Откуда, где, каким образом воины заметили приближение конницы, Андрей так и не понял. Но доверять опыту здешних дозорных уже давно привык. Это подарило ему несколько важных минут для последних распоряжений. А потом на дороге появилась несущаяся вскачь конница.
— Наши, наши! — предупредили пушкарей многие сотни голосов. Одетые в кольчуги и бахтерцы, боярские дети мчались во весь опор, не оглядываясь назад. Многие десятки и сотни устремились к проходам, оставленным между «углами». Следом из-за леса выметнулась не менее стремительная степная конница, отставая на считанные десятки сажен.
— Готовься! — закричал Зверев, отлично сознавая, что слышат его только самые близкие из пушкарей.

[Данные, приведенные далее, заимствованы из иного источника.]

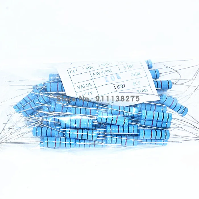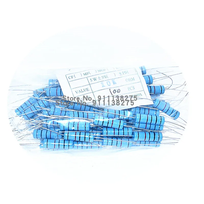 10 шт. 5 Вт 1% металлического пленочного резистора сопротивления 0.1R 10 м 1K 1,2 1,3 3,3 10 22 33 120 360 18 390 470 82 R K ohm 10K 100K 1 м
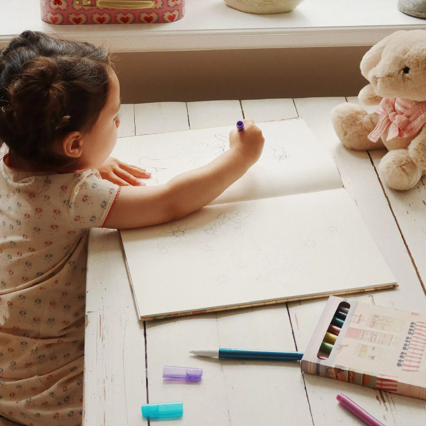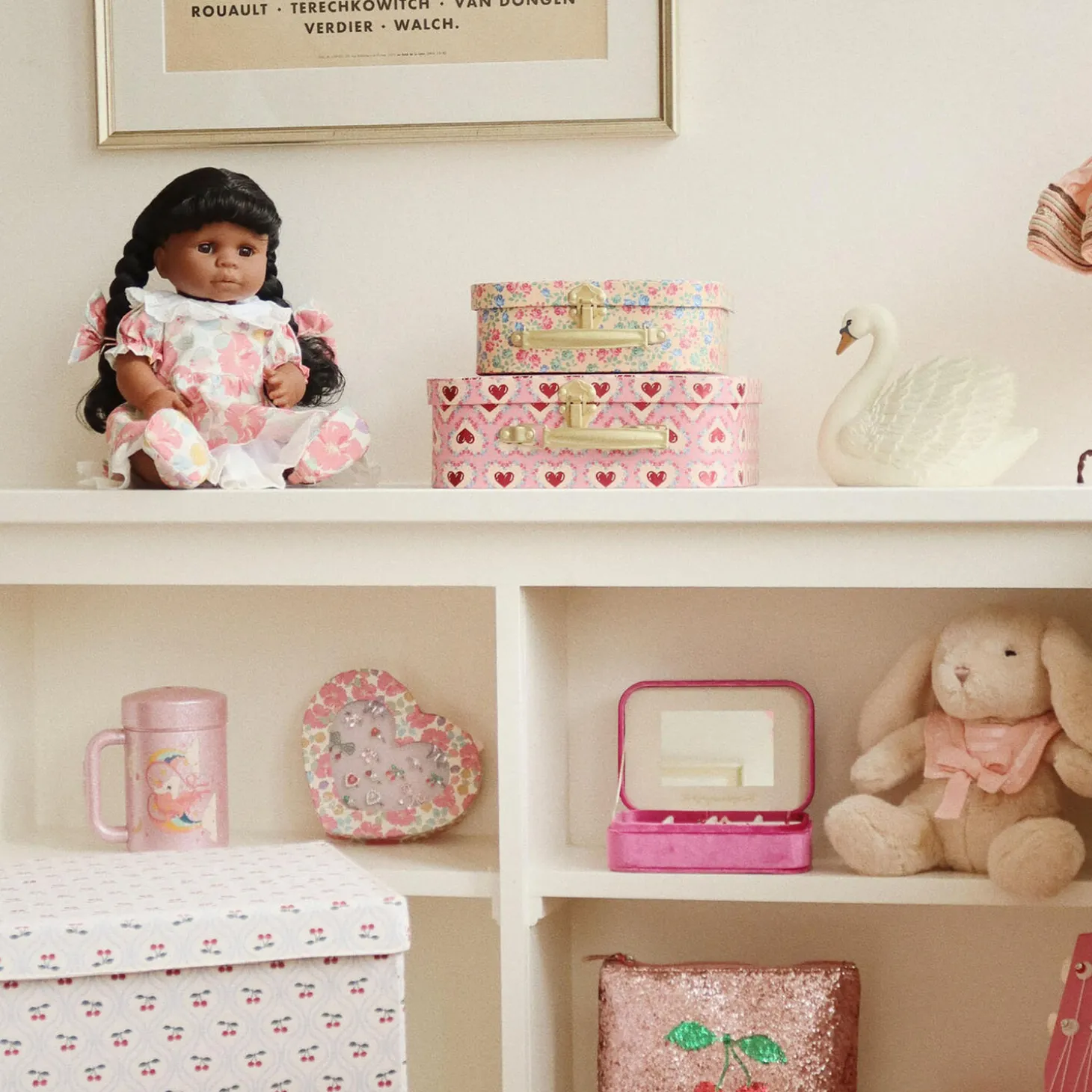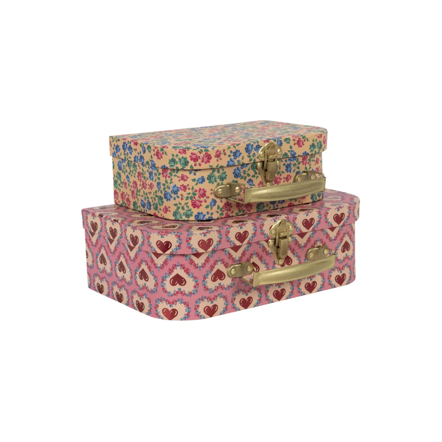 Set of two cardboard play suitcases with a metal handle. The smaller suitcase fits into the larger one. A perfect place to store little treasures.

Разбойники приближались, вслед за русской конницей рассыпались на отдельные потоки, направленные к проходам, влетели между щитами…
— Пали!!!
Оглушительно ударила самая дальняя, стоящая на углу пушка, ее выстрел тут же поддержали другие. Чугунные ядра, каждое размером с голову ребенка, выпущенные с расстояния в сотню шагов, с легкостью прошивали татарские потоки насквозь, дырявя сразу десятки лошадей и людей, отрывая ноги и разбрызгивая внутренности. А вслед за первой тут же ударила вторая, третья, четвертая, словно ведя отсчет от угла к середине. Пушкари кинулись к орудиям, торопливо прочищая банниками стволы, вгоняя картузы с порохом, прибивая пыжом, засыпая картечь. Картечью же плевали и самые близкие к проходам тюфяки, прорубая среди татарского войска целые просеки, сбивая с ног людей и лошадей. Атака захлебнулась кровью, застопорилась, а вот уже по остановившемуся врагу ударил новый залп, выхлестывая поле десятками пудов крупнокалиберной свинцовой, железной и чугунной дроби. Над землей застелился горячий розовый туман из мелких кровавых брызг, и те немногие из разбойников, что смогли уцелеть во время этого ужаса, повернули назад.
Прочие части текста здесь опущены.